И тут Жан Вальжан действительно граничит с нашими стариками – раскаяние одного и правота других смешивается в жгучем страдании. Ртуть термометра, замерзшая в пулю, обжигает, как раскаленная пуля из свинца. Сознание правоты, отхватывающее полсердца, полсуществования, стоит угрызения совести, и еще хуже: тут есть искупление исповеди, вознаграждение, там – ничего. Между стариком девяностых годов, фанатиком, фантастом, идеалистом, и сыном, который старше его осторожностью, благоразумием, разочарованием, – сыном, через край удовлетворенным «меньшей линией», и внуком, который, щеголяя в мундире императорского гида, мечтает о том, как бы лукнуть в супрефекты, pour exploiter sa position[232], – нарушено естественное отношение, нарушено равновесие, искажена органическая преемственность поколений.

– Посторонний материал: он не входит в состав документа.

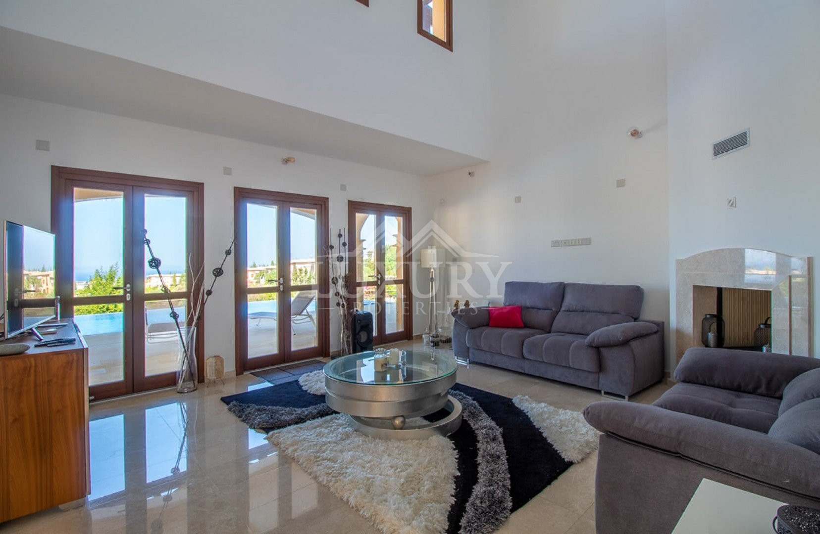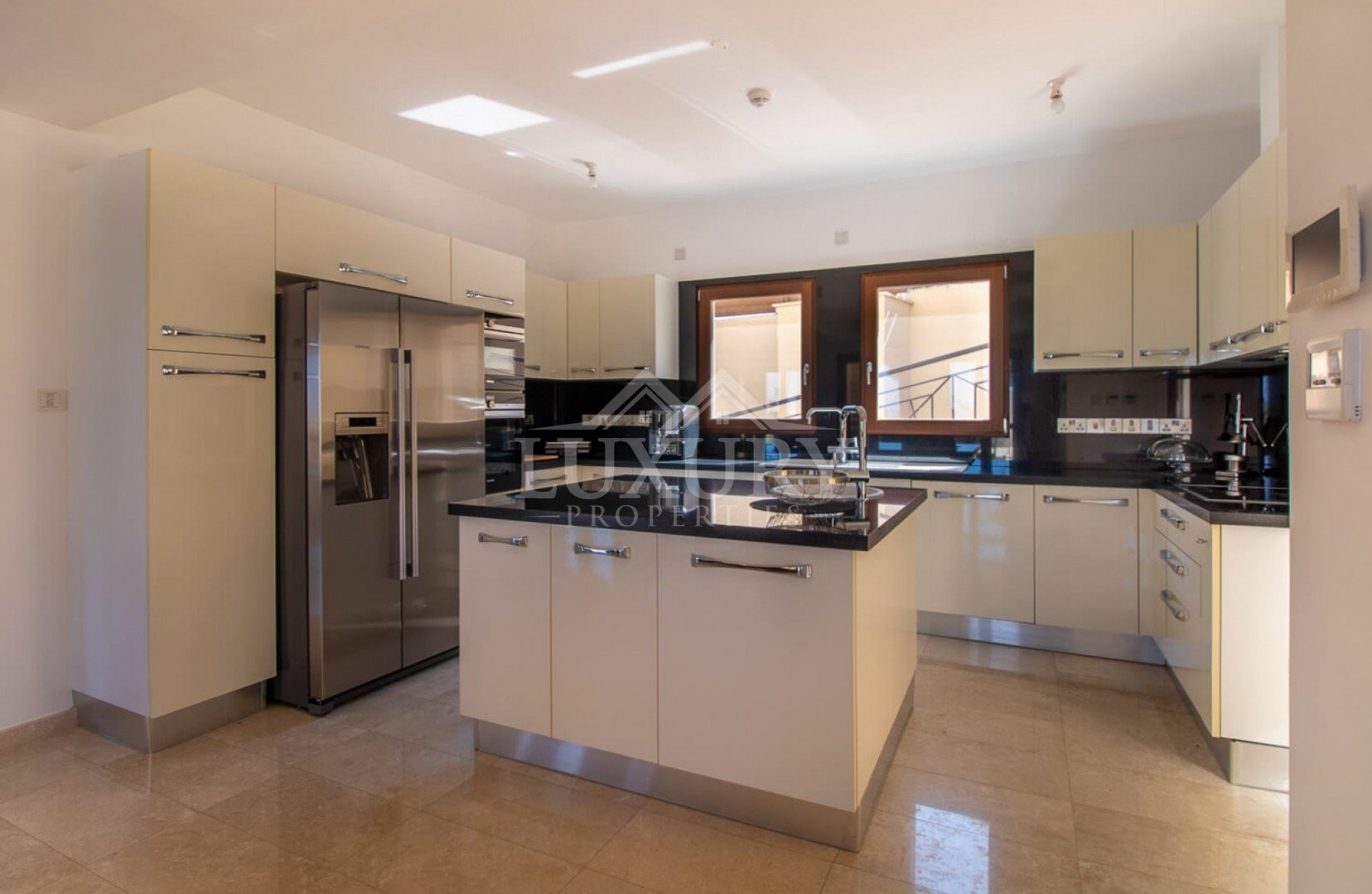 Inside, the villa is lavishly furnished with stylish décor, sumptuous fabrics, and rich color tones that create a true sense of opulence. The modern kitchen features sleek high-gloss cabinetry, premium worktops, and top-quality appliances including a large fridge-freezer, electric oven, hob, and dishwasher.

Жан Вальжан в своей старческой девственности, в своей лирической, личной сосредоточенности сам не знал, чего требовал от молодой жизни. Чего хотел он, в самом деле, от Козетты? Разве она могла быть его подругой? Он в неопытной непочатости своего сердца перешагнул любовь отца… Он исключительно для себя хотел любить ее, а так отец не любит. Сверх того, он, всю жизнь внутренно драпируясь в куртку каторжного, сломился под бременем отвращения, которое ему показал ограниченнейший молодой человек – типический представитель пошлеющего поколения.
Я не знаю, что Гюго хотел сделать с Мариюсом, для меня он в своем поколении такой же тип, как Жавер в своем. В инстинктах этого молодого человека мерцают каким-то отблеском другого дня благородные и горячие порывы, без рассуждения, без корня, почти без смысла – по преданию, по примеру. В нем и закваски XVIII века больше нет – этой неутомимой потребности анализа, критики, этого грозного вызова всего на свете на провер ума; у него и ума нет, но он еще добрый товарищ, пойдет на баррикаду, не зная, что потом; он живет по готовому и, зная à code ouvert[233], что добро и что зло, так же мало беспокоится об этом, как человек, знающий достоверно, что скоромное есть грешно в пост. На этом поколении окончательно останавливается и начинает свое отступление революционная эпоха; еще поколение – и нет больше порывов, все принимает обычный порядок, личность стирается, смена экземпляров едва заметна в продолжающемся жизненном обиходе.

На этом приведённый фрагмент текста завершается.